Sherry was aware of Lily’s quiet regard; she was studying him in a way that discomfited him with its thoroughness. “What is it?”
“You never fought being won over by them, did you?”
“No. It seemed pointless.”
“Why?”
Sherry eased himself down on the edge of the bed. “You will perhaps want to hear that it was a selfless act, but I can tell you it was one of extraordinary selfishness. They are like a balm for my soul.”
Lily frowned. “Is your soul so wounded, then?”

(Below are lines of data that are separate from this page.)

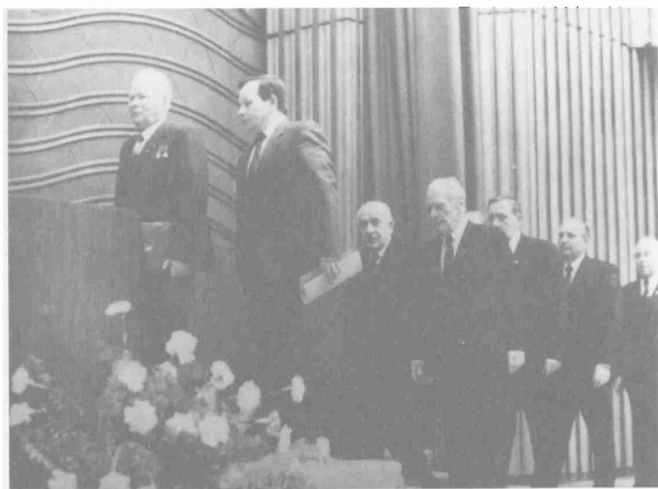
Перед собранием, посвященным встрече избирателей Куйбышевского района г. Москвы с кандидатом в депутаты Верховного Совета СССР генеральным секретарем ЦК КПСС К.У. Черненко. Второй снизу – будущий разрушитель КПСС и СССР М.С. Горбачев. Дворец съездов. 1984 г.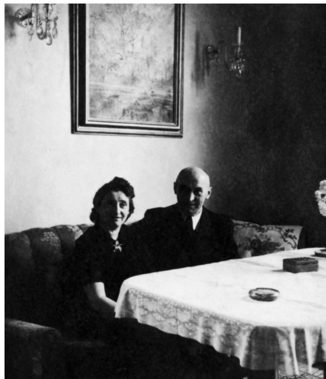
Zakonca Hutter v gospesni sobi.

stanovanju v Hutterjevem bloku, kamor sta se z mamo preselila po zaplembi, nato pa se je iz rodnega mesta izselil. 10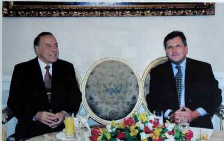
Aleksandr Kvasnevi Polşa prezidenti kimi Heydər Əliyevlə görüşmədən böyük qürur duyur.

Sizin bizə köməyiniz böyükdür. Türkmənistanın BMT-yə, İqtisadi Əməkdaşlıq Təşkilatına daxil olmasında, bitərəf dövlət statusu almasında şəxsən Sizin köməyiniz əvəzsiz və böyükdür.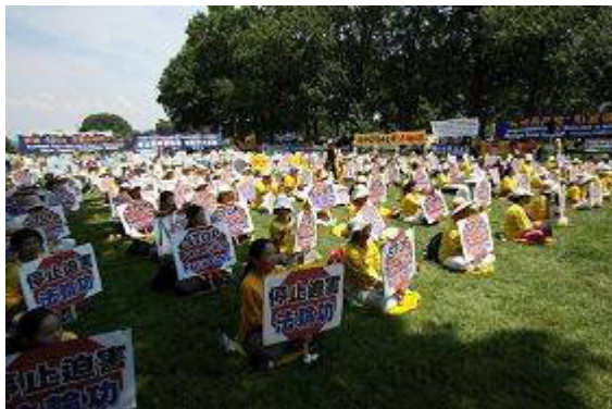
7.20 华盛顿呼吁制止中共迫害的集会现场

听到这个结果，全家人挺着急的。我也去医院看望了妹夫，临走时，我嘱咐他一定多默念“法轮大法好”。第二天早上他就发短信告诉我，当天晚上，他默念了一百多次“法轮大法好”，早上医生又给他做了彩超检查，检查结果是：他的两个肾很健康。几天后，他出院了。出院时，医生又查了尿，还是认为他的尿蛋白有问题，怀疑是慢性肾炎，要求他一个月后再做检查，确定是哪种肾炎然后进行治疗。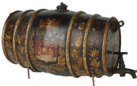
Tonnelet de cantinière – Second empire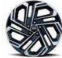
19" alloy wheels (Optional)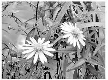
カントウヨメナの花

秋になると、田んぼの縁や水辺には野菊が一斉に花を咲かせます。私たちが普通に野菊と呼んでいるもののなかには、ヨメナ・カントウヨメナ・ユウガギク・ノコンギクなどがあるようです。邑楽町で普通に見られるのはカントウヨメナとユウガギクで、この2つはよく似ています。カントウヨメナは水湿地を好むため、水田の畔道では普通の植物でしたが、耕作環境の変化により非常に少なくなってしまいました。それでも文化財保護区の中野沼の周辺にはまだ普通に見られます。ヨシ刈りなどが行われなくなり、管理放棄で大型の植物が生育旺盛となると直ぐに衰退してしまいます。カントウヨメナは日本固有種で関東から東北地方の一部に分布しています。薄紫色をした頭花は2.5cmくらいで、ユウガギクとは一回り小さい感じですよ。一方、ヨメナは中部地方から九州に分布し、自生地を東日本、西日本で分けています。万葉植物事典(1995年)によりますと、ヨメナは「うはぎ」という古名で呼ばれ、春の野に若菜を摘む様子が詠まれています。万葉の時代から人々とともに生きてきた野生植物なのです。文化財の一部として守っていききたいものです。

“Mayhap not so much as it was.” He felt her hand slide over his. “I do not know what it was like for you when your parents died, but when mine were killed I blamed myself. It was not unreasonable, given that they were journeying to Eton at the time. I learned later that only the innkeeper and one guest survived the fire. If they had not been asked to attend me at the school, they might yet be alive.”
“Attend you?” asked Lily. “Because you were being recognized for excellence? An award perhaps?”

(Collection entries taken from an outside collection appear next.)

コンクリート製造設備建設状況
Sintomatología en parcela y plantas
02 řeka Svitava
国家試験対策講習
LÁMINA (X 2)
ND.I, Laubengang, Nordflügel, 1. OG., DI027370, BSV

He shook his head. “But you are kind to champion me. No, I was in trouble with the headmaster—again. I was organizing a coup that would have replaced one of the prefects. The plan—all of it committed to pen and paper by my own hand—was flawed. There were not to have been any blows exchanged, and certainly the blood was not anticipated, but I didn’t know that Gordon Olin was going to leap over a banister and break his leg, nor did I think that when I butted the prefect with my head that it would bloody his nose.”
“It was a brawl,” Lily said.
“It was the last in a series of trials to the headmaster, thus the invitation to my parents to take me in hand or take me home.”
“And they never arrived.”
“No. Never.”
“Is that when you began to embrace your well-ordered life?” she asked.
“What do you mean?”
“I am imagining you said or did very little after that to call attention to yourself. No more tricks. No plots. Nothing out of the ordinary. Am I right?”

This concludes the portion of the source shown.